*To do*:
Directions for the data below: repeat exactly the lines from the one with "អោម អេម សមាជិកក្រុមប្រឹក្សាខេត្តកោះកុង" through the one with "Tak hanya itu, sebagian", both included, and omit all pictures.

--- Records for the exercise Enclosed Below ---

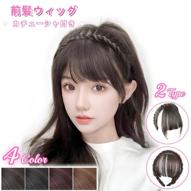 ヘアアレンジが楽しめる三つ編みカチューシャ付き前髪ウィッグです。
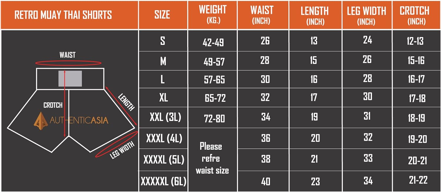These shorts are designed and cut to suit contact sports including Kick Boxing, Also suitable for workouts & other sports The design features ensure that shorts are not a hindrance in contact sports & do not restrict kicks and splits LUMPINEE the original brand from Lumpinee stadium, LUMPINEE Muay Thai Shorts provide you with both comfort and a stylish flair. They feature an extra wide cut in the leg area so as to allow the very most freedom of movement when kicking, performing knee strikes, and defensively checking kicks. They are ideal for both training and competition. LUMPINEE is a common sight at many Thailand training camps, gyms & stadiums. You will find them worn by both the best, seasoned Muay Thai Fighters as well as new students just starting. These Thai Boxing Shorts are 100% polyester satin, using the highest quality embroidery techniques and come from the epicenter of Muay Thai Fighting, Thailand. M-28", L-30" , XL-32" , XXL-34" , XXXL-36", 4XL-38", 5XL-40"-44" *****RECOMMENDED TO MEASURING SIZE BY WEIGHT*****
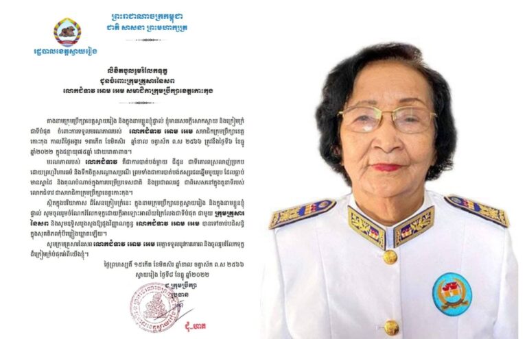 ក្រុមប្រឹក្សាខេត្តស្វាយរៀង សូមផ្ញើសារលិខិតរំលែកទុក្ខ ជូនចំពោះក្រុមគ្រួសារសពលោកជំទាវ អោម អេម សមាជិកក្រុមប្រឹក្សាខេត្តកោះកុង
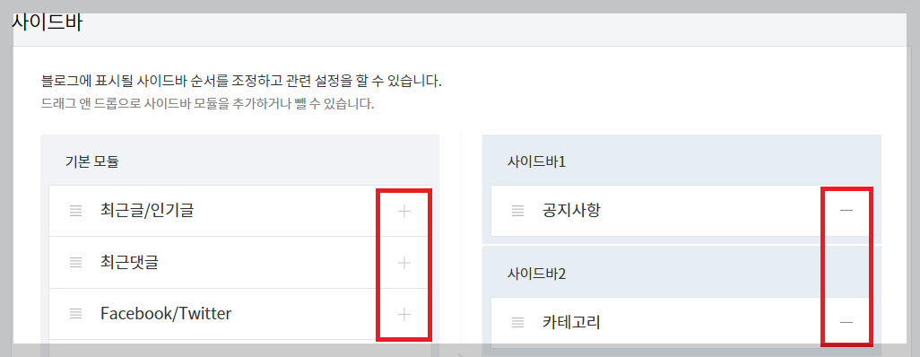 꾸미기-사이드바에서는 더하기나 빼기를 사용해서 목록을 만들 수 있지만 승인 전에는 모두 빼는 것이 좋고,
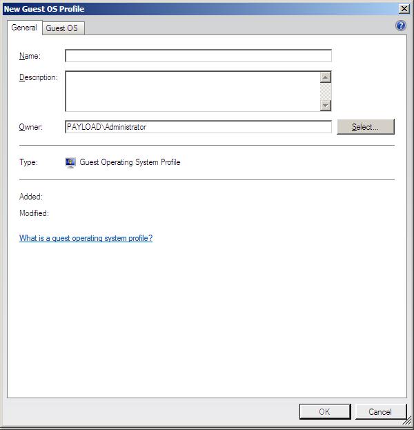 The General screen requires that the profile be named and an owner with an Active Directory domain account assigned. An optional description may also be provided. The Guest OS tab allows a number of operating system specific settings to be configured into the profile:
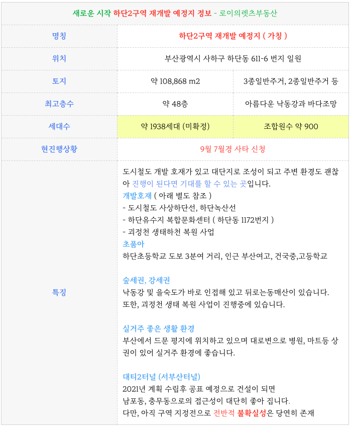 하단2구역 재개발 예정지 의 현재까지의 진행 상황 등 추가 정보는 아래 페이지를 참고 부탁드립니다.
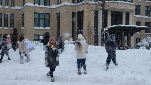Tak hanya itu, sebagian warga bahkan memanfaatkan momen tersebut untuk bermain, seperti saling lempar salju dan berseluncur. Hal ini terutama dilakukan saat intensitas salju sedikit mereda. Mereka tertawa-tawa dan terlihat gembira.
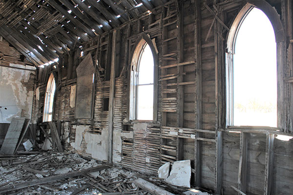Until a church building was constructed in this vicinity, services were held in the Palmerston School at the instigation of Rev. James Robertson. In 1909, a church was constructed on an acre of land (in what is now the Municipality of Prairie View, near the Palmerston Pioneers Monument) donated by a Mr. Fennel, at a cost of over $11,000. It opened on 30 October 1909. The church eventually became part of the Miniota-Arrow River charge in the United Church of Canada. It closed in late 1940. At the time of a 2021 site visit, the building stood precariously on a crumbling stone foundation.
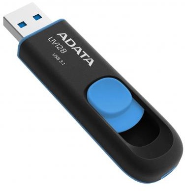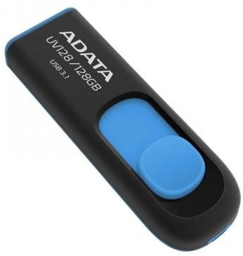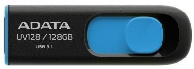 128GB USB3.1 Flash Drive ADATA UV128, Black-Blue, Plastic, Slider (R/W:90/40MB/s)

--- End of Enclosed Records for the exercise ---

*Written solution*:
 ក្រុមប្រឹក្សាខេត្តស្វាយរៀង សូមផ្ញើសារលិខិតរំលែកទុក្ខ ជូនចំពោះក្រុមគ្រួសារសពលោកជំទាវ អោម អេម សមាជិកក្រុមប្រឹក្សាខេត្តកោះកុង
 꾸미기-사이드바에서는 더하기나 빼기를 사용해서 목록을 만들 수 있지만 승인 전에는 모두 빼는 것이 좋고,
 The General screen requires that the profile be named and an owner with an Active Directory domain account assigned. An optional description may also be provided. The Guest OS tab allows a number of operating system specific settings to be configured into the profile:
 하단2구역 재개발 예정지 의 현재까지의 진행 상황 등 추가 정보는 아래 페이지를 참고 부탁드립니다.
Tak hanya itu, sebagian warga bahkan memanfaatkan momen tersebut untuk bermain, seperti saling lempar salju dan berseluncur. Hal ini terutama dilakukan saat intensitas salju sedikit mereda. Mereka tertawa-tawa dan terlihat gembira.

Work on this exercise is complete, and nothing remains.